Klagenfurt. Den ersten Tag des Wettlesens um den 42. Ingeborg-Bachmann-Preis hat am Donnerstagvormittag Raphaela Edelbauer, die einzige österreichische Teilnehmerin, eröffnet. Die 28-jährige Wienerin las einen Text mit dem Titel "Das Loch", der sich mit gefährlichen Hohlräumen unter einer österreichischen Kleinstadt beschäftigt und Geschichte und Gegenwart verbindet.
In dem Text, der sich aus Recherchen rund um die Seegrotte Hinterbrühl speist, geht es anhand eines herbeigerufenen Technikers um die Notwendigkeit, dem gefährlich instabil gewordenen Untergrund mit Materialeinspritzungen wieder Stabilität zu verleihen, aber auch um Massenmorde, die in den Höhlen und Grotten an KZ-Häftlingen in den letzten Tagen des Zweiten Weltkriegs verübt wurden. Dieses Thema wird auch im vermutlich 2019 erscheinenden ersten Roman "Das flüssige Land" der im Februar mit dem Rauriser Literaturpreis Ausgezeichneten im Zentrum stehen.
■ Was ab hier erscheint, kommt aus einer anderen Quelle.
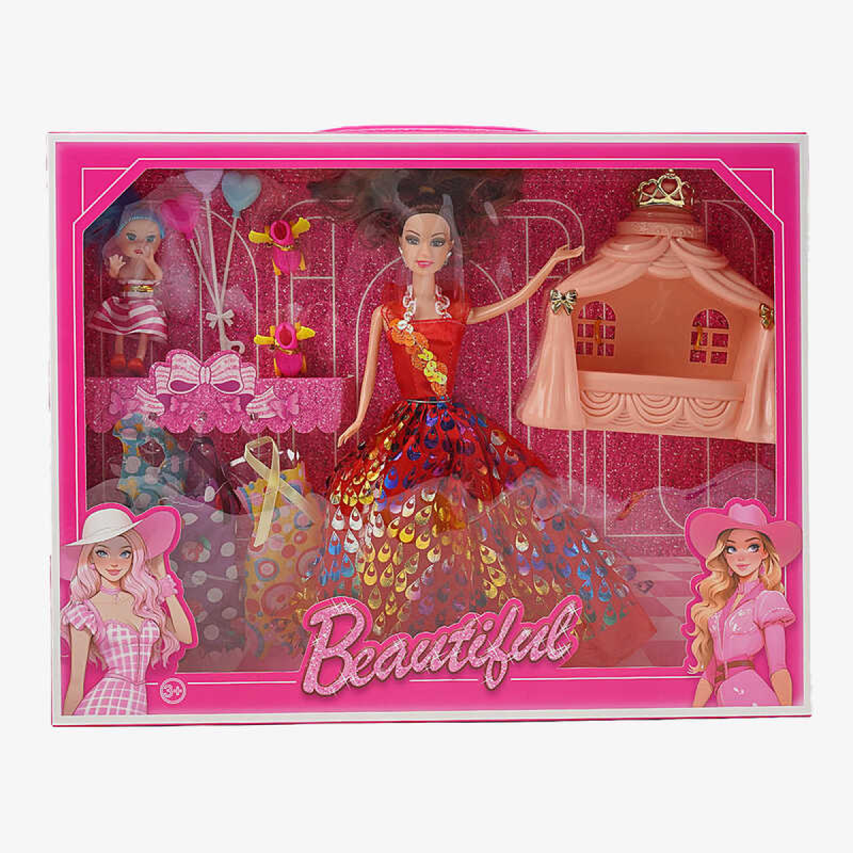 • Набір ляльок 8022 D (36/2) 2 штуки, висота більшої 27см, гумові голови, рухливі кінцівки, 3 сукні, ролики, будиночок, в коробці

Die neue Jurorin Insa Wilke ergriff als Erste das Wort und gab auch gleich den Ton der Jurydiskussion vor: "Mir gefällt die Figur des Auffüllungstechnikers sehr gut", sagte sie, doch "im Mittelteil stimmt die Statik des Textes nicht". Auch Hildegard Keller gefiel diese Figur sehr gut, aber der Text sei ein Hybrid und der Figur zu viel aufgebürdet: "Die poetische Aufladung passt in diesen Techniker nicht rein." Nora Gomringer, Bachmann-Preisträgerin des Jahres 2015 und ebenfalls neu in der Jury, erregte mit ihrem Statement Gelächter: "Alle Männer sind Auffüllungstechniker."
Auch in Edelbauers Text sei "recht viel Füllmaterial eingespritzt. (. . .) Da wäre weniger mehr gewesen", kritisierte Michael Wiederstein, während Stefan Gmünder fand, die Einwände beträfen "Kleinigkeiten in einem sehr gelungenen Text". Klaus Kastberger, der Edelbauer eingeladen hat, erhielt für seine flammende Verteidigungsrede Applaus des Publikums: Der Text sei keineswegs überladen, sondern hochpräzise. Er führe eine österreichische Tradition von Hans Lebert und Co. in sehr aktueller und dichter Form weiter. Und er erinnerte, wie sehr auch der Fall des Grubenunglücks Lassing ein Sinnbild für den Umgang mit der Wahrheit sei, die eben in verschiedener Weise angebohrt werden könnte.
Das letzte Schnappen
Danach gab es viel Zustimmung für Stephan Lohses Text "Lumumbaland". Die Schweizerin Martina Clavadetscher, die im Vorjahr mit ihrem Roman "Knochenlieder" für den Schweizer Buchpreis nominiert war, las einen Text mit dem Titel "Schnittmuster". In ihm geht es um eine 92-Jährige, die im Pflegeheim soeben gestorben ist, und doch viel zu berichten hat. Klaus Kastberger verlieh ihr seinen Privatpreis für den besten ersten Satz: "Das letzte Schnappen macht den Unterschied."
Musikalisch wurde das Festival am Mittwoch vom Trio "World Sounds Ensemble" rund um den Kärntner Tenorsaxophonisten Michael Erian eröffnet. Die "Klagenfurter Rede zur Literatur", heuer zum 19. Mal Bestandteil der Eröffnung der Tage der deutschsprachigen Literatur, hielt der 53-jährige Autor Feridun Zaimoglu. Er wurde in Bolu (Türkei) geboren und lebt seit seinem sechsten Lebensjahr in Deutschland. Unter dem Titel "Der Wert der Worte" gab er den Verzweifelten, Verlassenen und Ausgegrenzten eine Stimme. "Klagenfurt ist ein Ort der vielen Geschichten. / Es ist ein Ort der Beseelung. / Wir schreiben, wir lesen, wir kämpfen. / Wir stehen bei den Verlassenen."